さらば都会のネオン
同行のN橋さんとの待ち合わせ時刻は21時30分。夕刻に仕事の道具を用意した折に“友達が見送りに飲ませてくれる”と伝えてあるが、それでも船の出る時間は決まっているのである。待ち合わせ時刻から5分やそこいら遅れるならばともかく、15分を越えれば、やはり心配するだろう。通常の集合時間でも、常に早く来る人である。このN橋さんも酒飲み、しかもものすごく熱くした熱燗好きである。N橋さんからは事前に“新橋で飲むなら、そこいらの酒屋かコンビニで『燗番娘』を3本くらい買ってきてくれ”と頼まれていた。
『燗番娘』とは、水と生石灰を反応させることによって発生する熱を利用した、酒を燗付けする機能を備えた酒器に入った酒である。ちなみに数年前の冬、ヒラメを釣りに行ったときに仕立て船だったので、小雨振る中を嫌々船に乗り、これを飲んだが、ちっとも熱燗にはならなかった。やはり、ガスなり湯煎なりで暖めたものには敵わないようである。
新橋駅烏森口横のコインロッカーに放り込んだ大荷物を取り出してJRのガード下から、明日は早朝より仕事になるから見送りは出来ない、といっていたS木も交え、私とI井君とでタクシーに乗り込み、竹芝桟橋に到着した。

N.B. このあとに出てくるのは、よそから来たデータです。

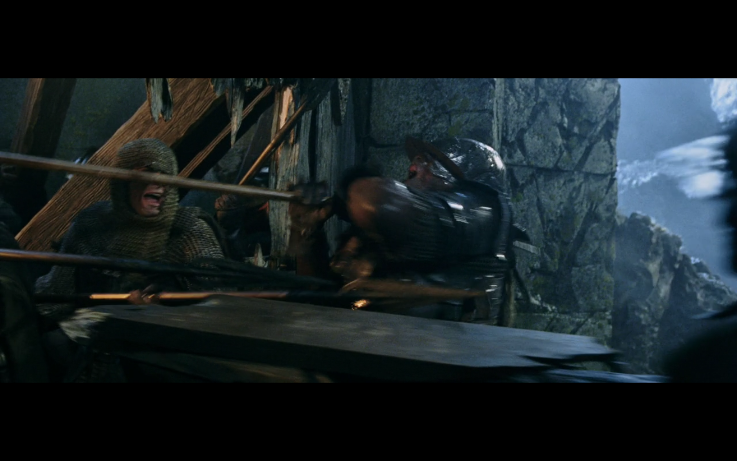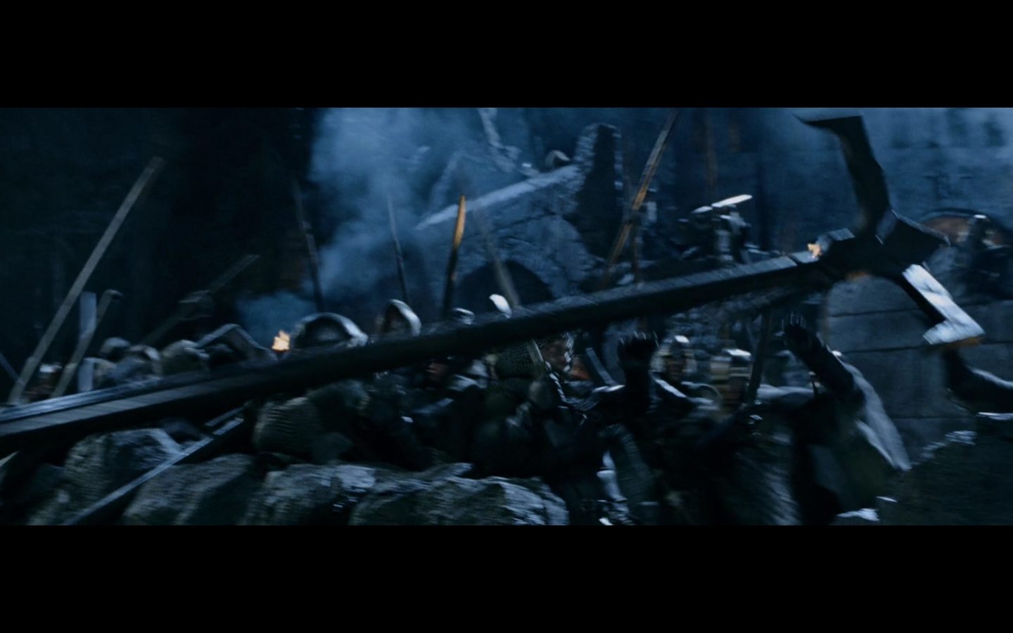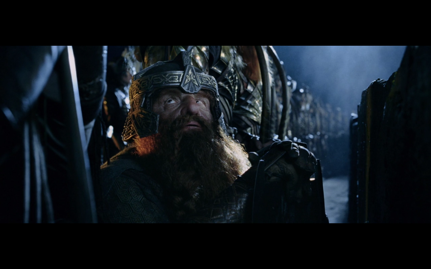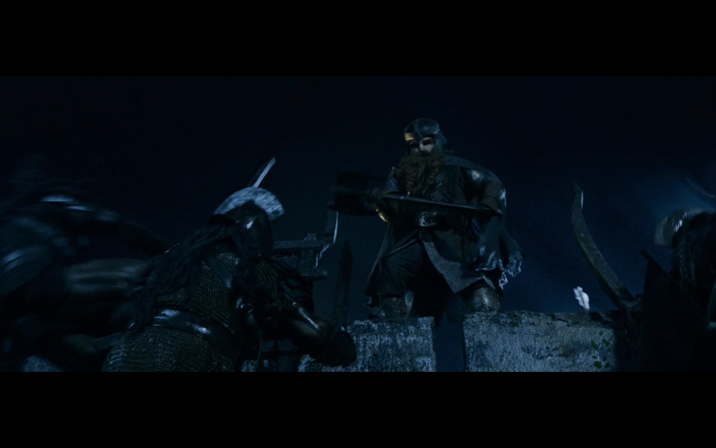 I like this shot. We just cut back as Gimli counts from 17-21 in kills. That’s great. That instantly makes a scene better, when a dude is just counting his kills as he goes along.
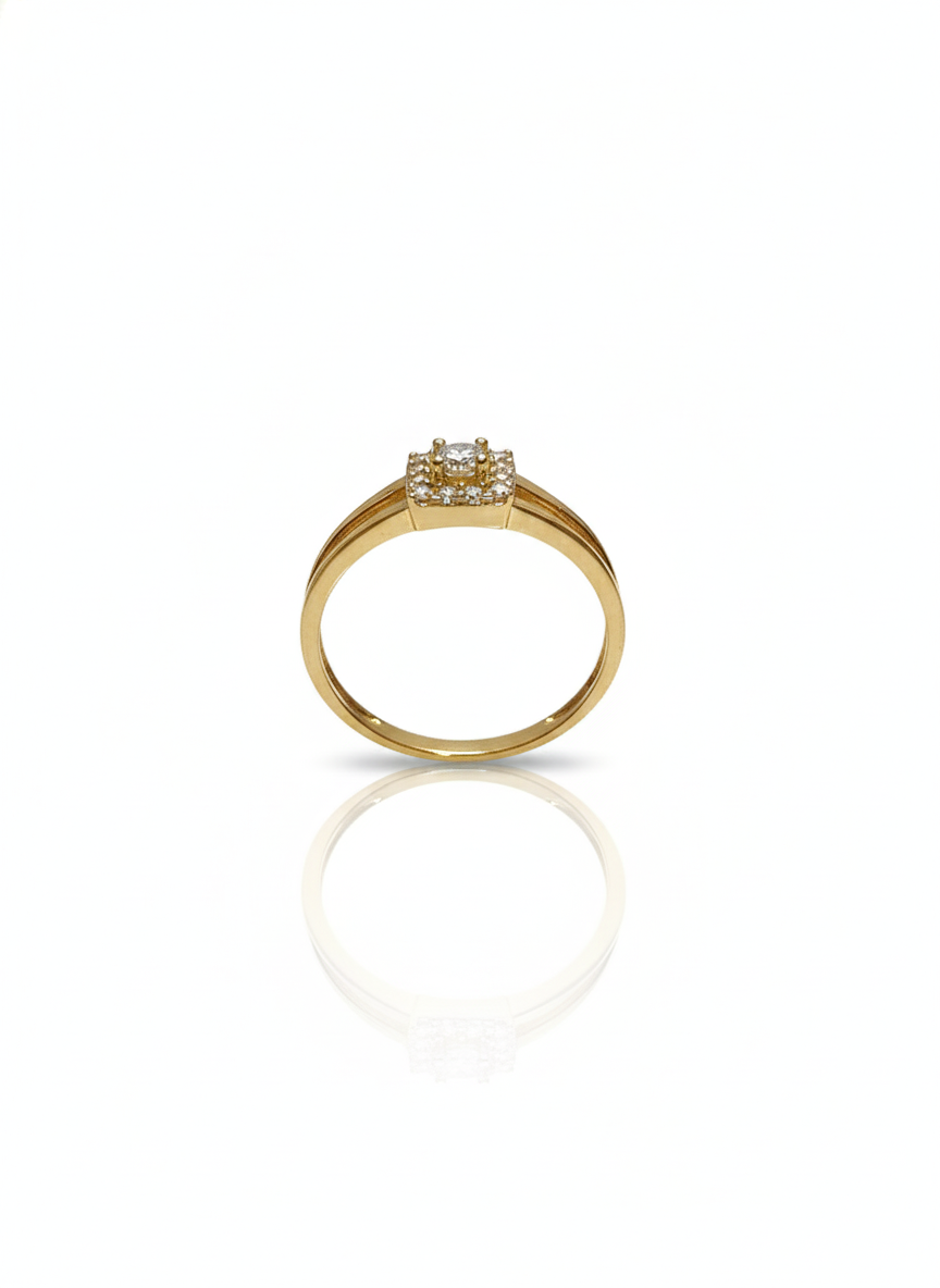 Exquisite Square Halo Solitaire Ring in 18K Yellow Gold Plating with Brilliant Zirconia

聞けば三宅島に行くには、ガスマスクの所持・常時携帯が義務付けられているという。どこで購入するのかといえば、竹芝桟橋売店で売っているという。これは自己防衛の範疇である。ついでにN橋さんから言われている「明日の朝に食べる、自分の分の食い物を用意しておけ。」といわれていたので、ガスマスクと菓子パンを3つ。それに船の中で飲む分も合わせて2リットルのミネラルウォーターを買う。代金を支払い、店の外に出るとS木・I井君のデブ2人にガスマスクを装着した姿を撮影された。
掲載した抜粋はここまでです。